When an individual is taken to hospital for treatment, the first question posed by the hospital is whether the patient is covered under any insurance policy or not.
Also, insurers many times reject the claim saying a service or procedure was "not medically necessary". Private hospitals, in their quest to generate higher revenue, perform medical procedures, which may not be necessary on patient covered by a medical insurance policy. The patient and their families are generally relaxed about it as they mistakenly assume the money will be paid by the insurance company. The penny drops when the claim is rejected!
This is where, everyone needs to be cautious!!
On one such occasion, when a family enquired about the charges, to their surprise the charges for treatment availed on back of insurance policy were different from the charges availed without insurance.
Here’s what happened in a hospital recently:
An individual felt a terrible pain in one of the organs in his body. His family members took him to the nearest clinic. After examining the patient, the doctor suggested him to undergo some diagnostic tests. Post the test results, doctor advised the patient to undergo a surgery & referred to the hospital where he was a consultant doctor. Patient and his family members enquired with the hospital for the charges without disclosing about his corporate insurance policy.

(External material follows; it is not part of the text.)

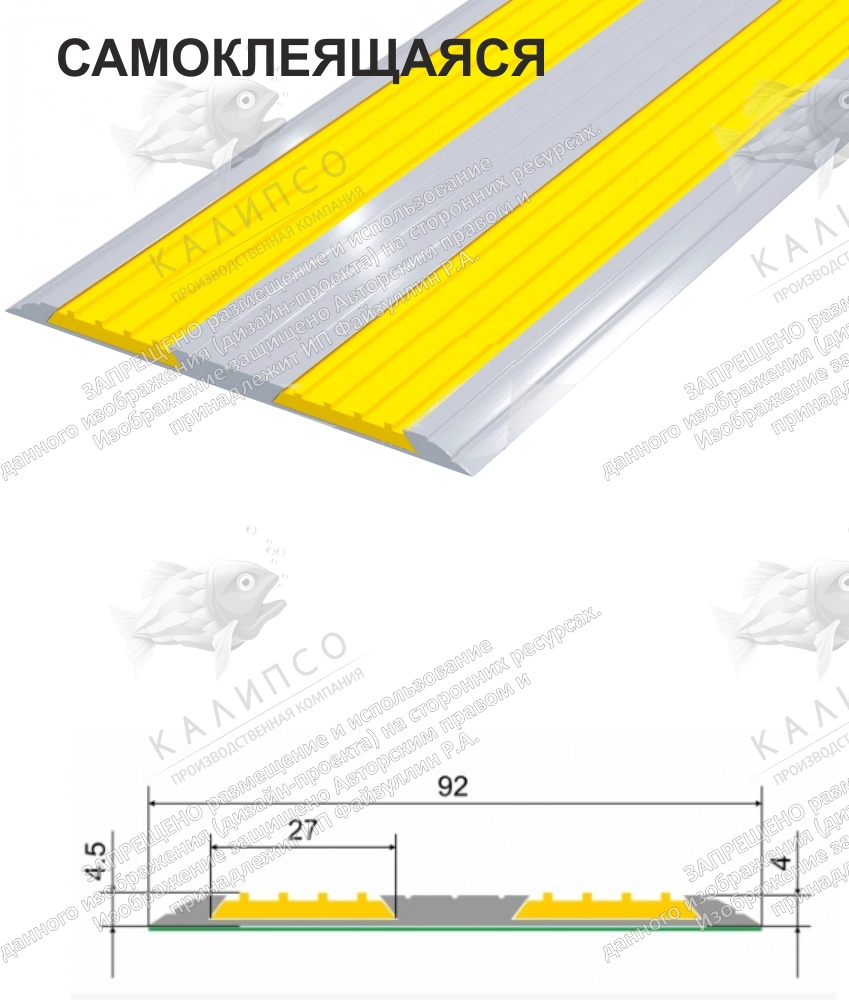 Накладка на ступень в алюминиевом профиле Самоклеящаяся арт. 10190-У-СК

The hospital gave a “Package” of Rs. 40,000 which covers the procedure, room rent, nursing charges & relevant diagnostic tests. A date was decided and the patient was admitted as Inpatient in the hospital.

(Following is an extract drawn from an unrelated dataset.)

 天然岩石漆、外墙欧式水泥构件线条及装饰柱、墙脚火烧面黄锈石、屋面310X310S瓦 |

Following his admission in the hospital, the patient’s family members disclosed that he was covered under insurance policy & all relevant documentation was submitted for cashless approval. The hospital’s true colors were exhibited from here on. Hospital sent a cashless request to the insurance company for Rs. 65,000/- and the insurance company sent an approval of Rs. 56,000/- as initial approval. The patient or his family members were unaware of the requested amount and approved amount of the insurance company. Hospital just informed them that the request has been approved.
The diagnostic tests which were already done before his admission, were repeated again citing reasons of requirement of latest reports (which the family later came to know that it was not required). Also, the patient was subjected to mental trauma as he had to undergo all tests again.
The procedures finally came to end and doctors who initially said that patient can be discharged the next day, was now asked to stay back for 3 days (so that they can jack up the bill by room rent). It was only after much discussion and arguments between the patient’s family and the hospital administration that doctors agreed to discharge the patient the next day. On the day of discharge, final approval was sent to the insurance company with the final bill amounting to Rs. 68000/-. It was surprising for the hospital, when the insurance company’s final approval was only Rs. 35000/- citing policy had a sub-limit of Rs. 35000/- for the said procedure & initial approval sent was by mistake.
The bill was then sent to the patient, to pay the difference. The patient‘s family members then confronted the hospital, as why did they quote only Rs. 40,000 initially & why final bill was given as Rs. 68,000. The hospital authorities had to agree that the diagnostics & procedures which were carried out were initially not taken into consideration & as the patient had insurance, they thought it would be relevant for them to carry on the tests again.
The hospital tried to cheat the patient and the insurance company by jacking up their bills. They kept the information confidential of what was the amount approved by the insurance company. The mistake from the patient’s family members was not to seek clear information from the hospital assuming insurance company will take care. The unnecessary tests which were conducted on the patient, jacking up the price of the surgery, overstaying in the hospital was all created to jack up the bill. If the policy did not have sub-limit, the insurance company would have paid completely and the patient would have not known about the cheating.
health insurance premium is dependent on the sum insured chosen. while buying health insurance seek complete information, don’t feel shy to question the procedures / tests conducted on the patient, before signing the final bill. Check each component of the bill even if the insurance company has allowed the same.
In this case, final bill was revised to Rs. 40,000/- as the patient’s family members were adamant in paying the amount which was given in the quote. They paid Rs. 5000/- difference amount and got discharged.